■ **Task directions**:
Your reply should consist only of the lines from the one with "Después de que" through the end of the entries, transcribed exactly. Pictures stay out.

[Data extracted from a collection]
:::::
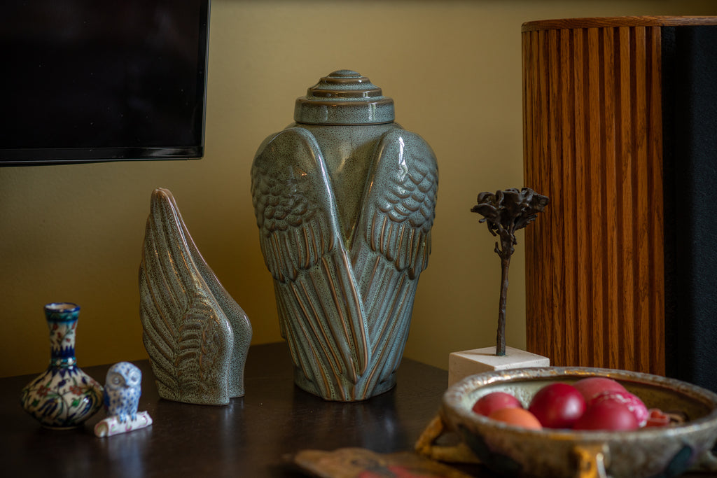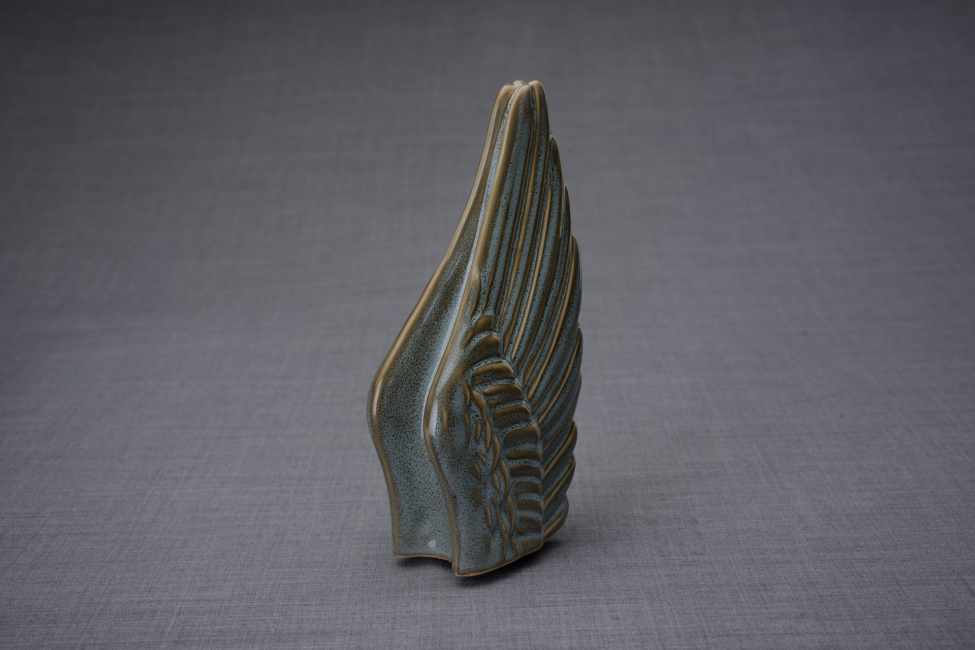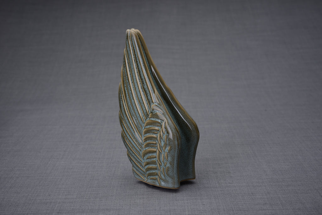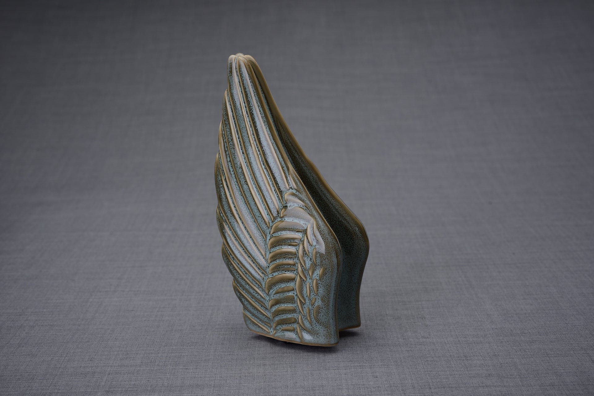 Il ricordo Wings più piccolo ospita le ceneri della persona amata nell'amore e nella protezione senza fine simboleggiati dalle ali d'angelo. Che tu voglia un ricordo da abbinare a un'urna Pulvis più grande o condividere le ceneri della cremazione con altri, queste ceramiche sono un'opera d'arte che può fungere da sottile memoriale per coloro che hanno significato così tanto.
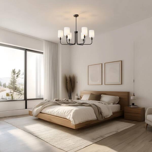 33 in. 6-Light Black Farmhouse Chandelier with White Linen Shades for Budget Homes
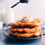 Note 2: Try some of these toppings! Sugar-cinnamon mix (mix together 1/2 cup granulated sugar + 2 tablespoons ground cinnamon), softened honey butter, softened regular butter, honey, powdered sugar, fresh berries, jam, syrup, etc. (Or top it with something savory like taco seasoned ground beef).Note 3: Test milk temperature: Drizzle a few drops of the warmed milk on the inside of your wrist. If it is warm and comfy, it will be perfect for the yeast. If it feels hot, it will be too hot for the yeast. Too cold and the yeast will simply remain dormant.Nutrition Note: Calories do not include toppings, just the fry bread, as toppings may vary.Storage: Like most fried foods, scones are the absolute best right out of the fryer! I don’t recommend frying ahead of time. You can store scones (before topping with butter/honey/etc.) loosely wrapped with plastic wrap for 1–2 days. Texture and flavor does suffer the longer the scones have been out of the fryer.MakeAhead: Cover the dough tightly and place in the fridge. Refrigerate for up to 8 hours. When ready to fry, remove dough from the fridge and allow it to come to room temperature before frying.
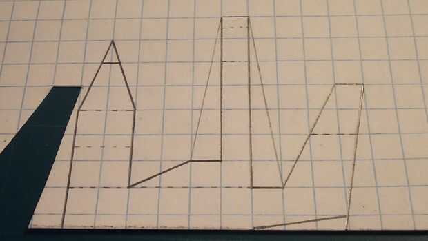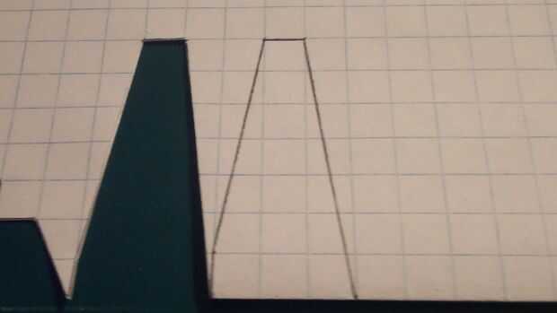 Después de que el fuselaje se hace, tomar otra hoja de papel que se dobla por la mitad a lo largo de las líneas de cajas. Marcar el ala como se muestra (1 caja de constante acorde a la raíz, un barrido de vanguardia de 1 caja de acorde que se decae cada 6 cajas hacia afuera de la caja acorde constante;) y un borde posterior barrido de 1 caja de decadencia a lo largo de las 7 cajas de envergadura. Esto completa las alas.
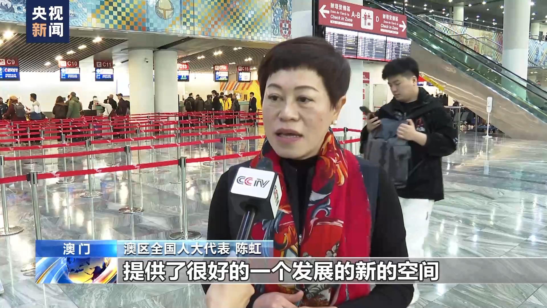 澳區(qū)全國人大代表 陳虹:國家給了澳門很好的發(fā)展的機(jī)遇跟平臺(tái),提供了很好的一個(gè)發(fā)展的新的空間,特別是深合區(qū),粵港澳大灣區(qū),為澳門居民更好地融入國家發(fā)展大局提供了這么好的空間。
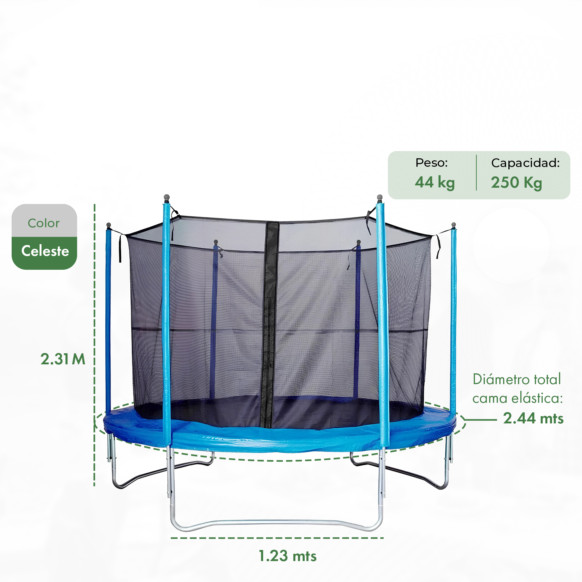 Altura del piso a la tela de salto: 68cm
:::::
■ **Exercise solution**:
 Después de que el fuselaje se hace, tomar otra hoja de papel que se dobla por la mitad a lo largo de las líneas de cajas. Marcar el ala como se muestra (1 caja de constante acorde a la raíz, un barrido de vanguardia de 1 caja de acorde que se decae cada 6 cajas hacia afuera de la caja acorde constante;) y un borde posterior barrido de 1 caja de decadencia a lo largo de las 7 cajas de envergadura. Esto completa las alas.
 澳區(qū)全國人大代表 陳虹:國家給了澳門很好的發(fā)展的機(jī)遇跟平臺(tái),提供了很好的一個(gè)發(fā)展的新的空間,特別是深合區(qū),粵港澳大灣區(qū),為澳門居民更好地融入國家發(fā)展大局提供了這么好的空間。
 Altura del piso a la tela de salto: 68cm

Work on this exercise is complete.